学校はもともと6日制で運営されていました。それが、平成4年度の途中で4週5休を導入せざるを得なくなりました。当然、学校現場は混乱したそうです。保護者からの不満の声や授業時間の確保など先生方は対応に追われました。
その背景にあるのが、政府(労働省)は欧米から日本人の長時間労働を非難されたことから、まずは公務員の労働時間短縮をしていき、学校現場においても同様に行うべきとの判断から、平成4年度に文部省主導ではなく労働省が音頭をとって年度の途中から4週5休が導入されました。その後、平成7年度には4週6休になり、平成14年度には4週8休つまり完全週休2日制となりました。
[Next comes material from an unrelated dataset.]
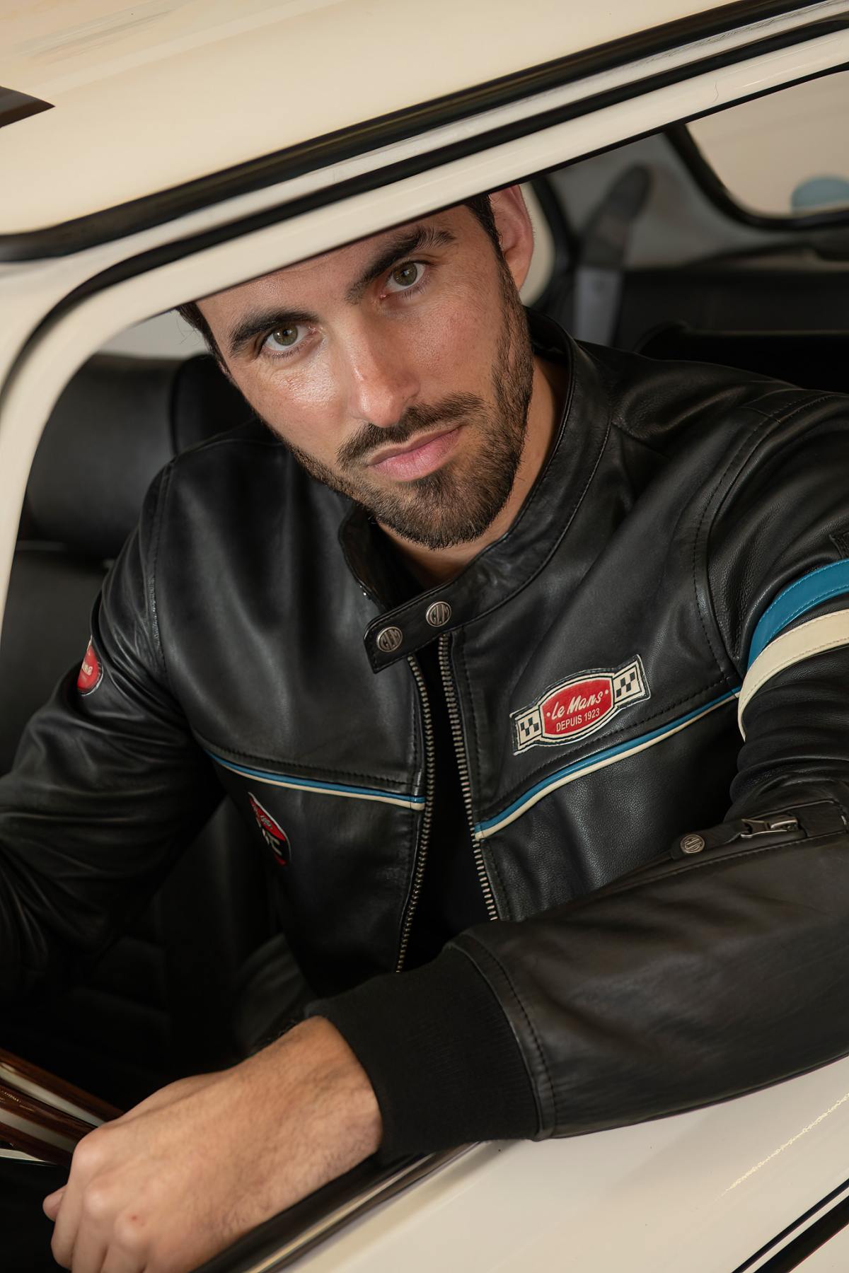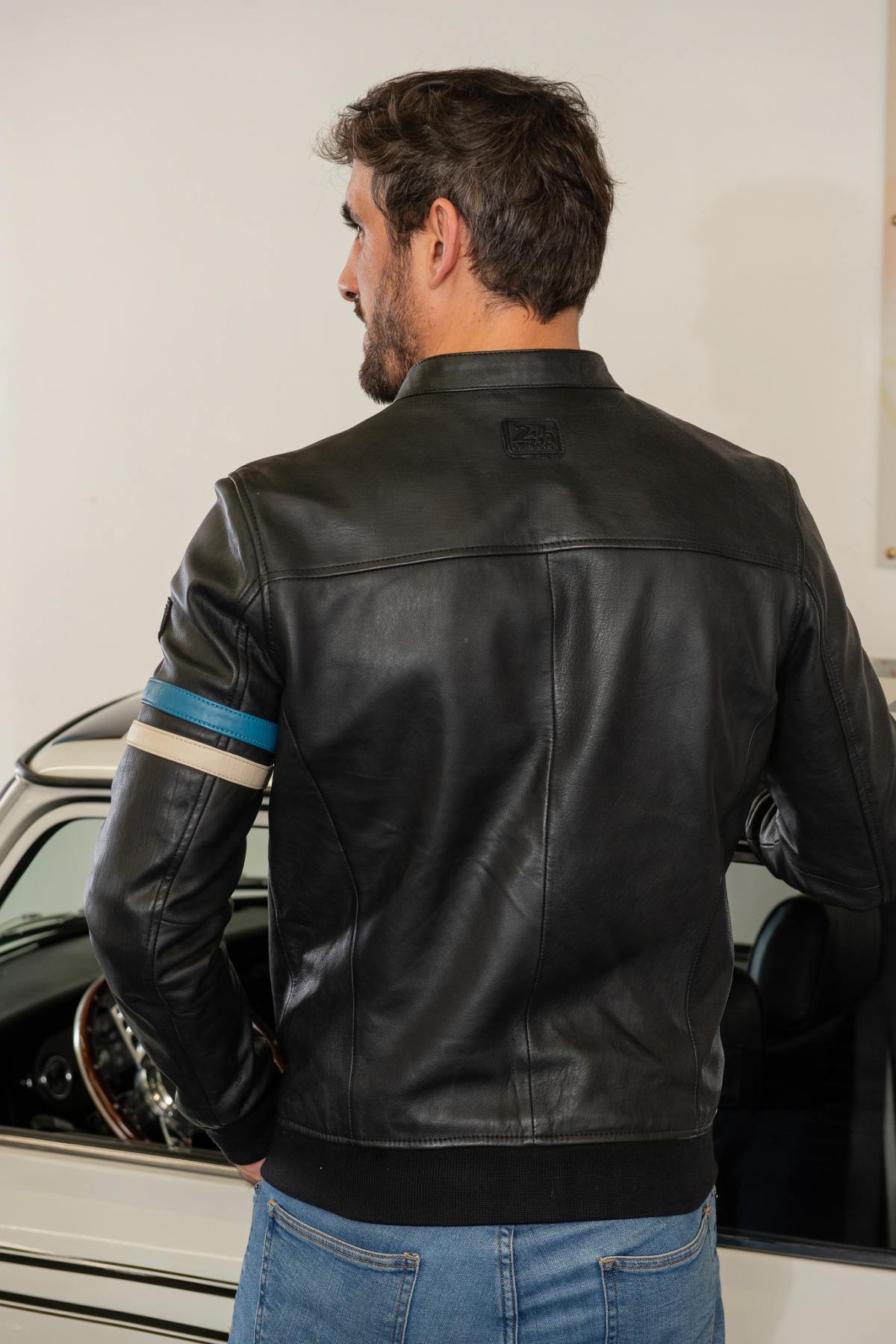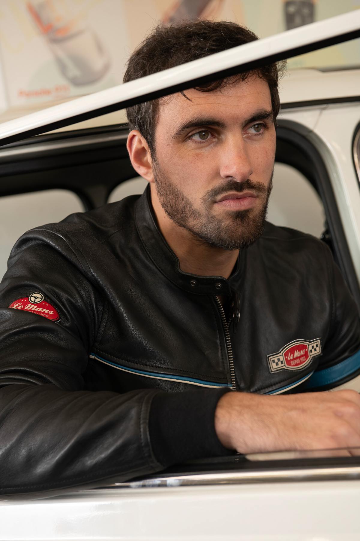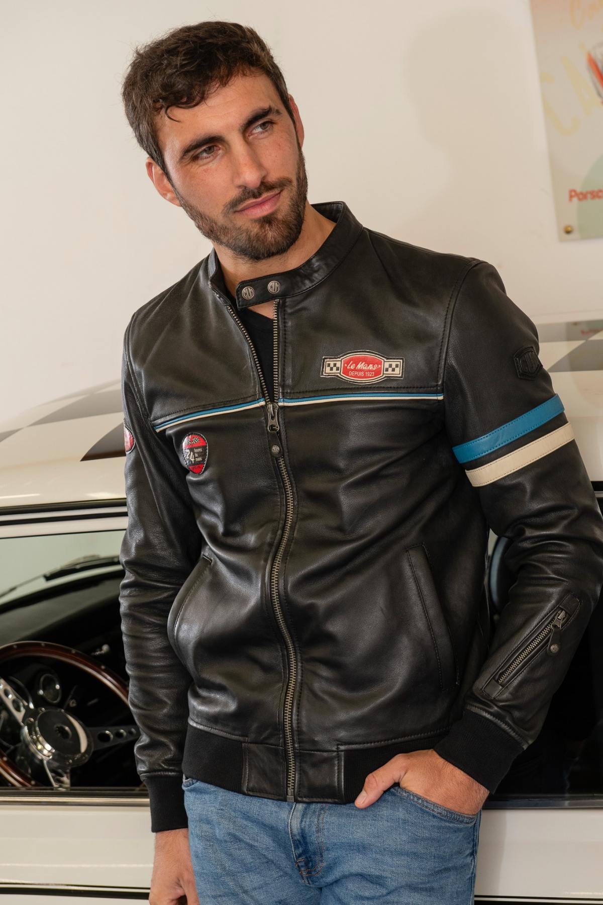 Jas van het merk Le Mans. Deze schapenvacht is een officieel product, herkenbaar aan de patches op de borst en mouw. De ribbels aan de taille en mouwen zijn typerend...

つまり学校現場や保護者からお願いして現在の学校5日制ができたものではなく、当時の政府が労働時間の国際摩擦を回避するためにとった措置と云えます。ゆとり教育や生徒の学力問題などは後から取ってつけたようなものです。
さて、学習指導要領が小学校は平成23年度から、中学校は平成24年度から改訂されました。授業時間を確保する上からも4週8休は難しいと思います。そうなると、土曜日の校外活動(地域スポーツ)が大きく制約させることになるでしょう。
本来、この問題は子供たち一人ひとりの個性を伸ばすことを念頭に考えなければいけないのですが、どうも大人の利害で決められています。政治や行政がもっと真摯な対応で学校現場に向き合わなければ、学校も変わらないし子供たちも変わらないでしょう。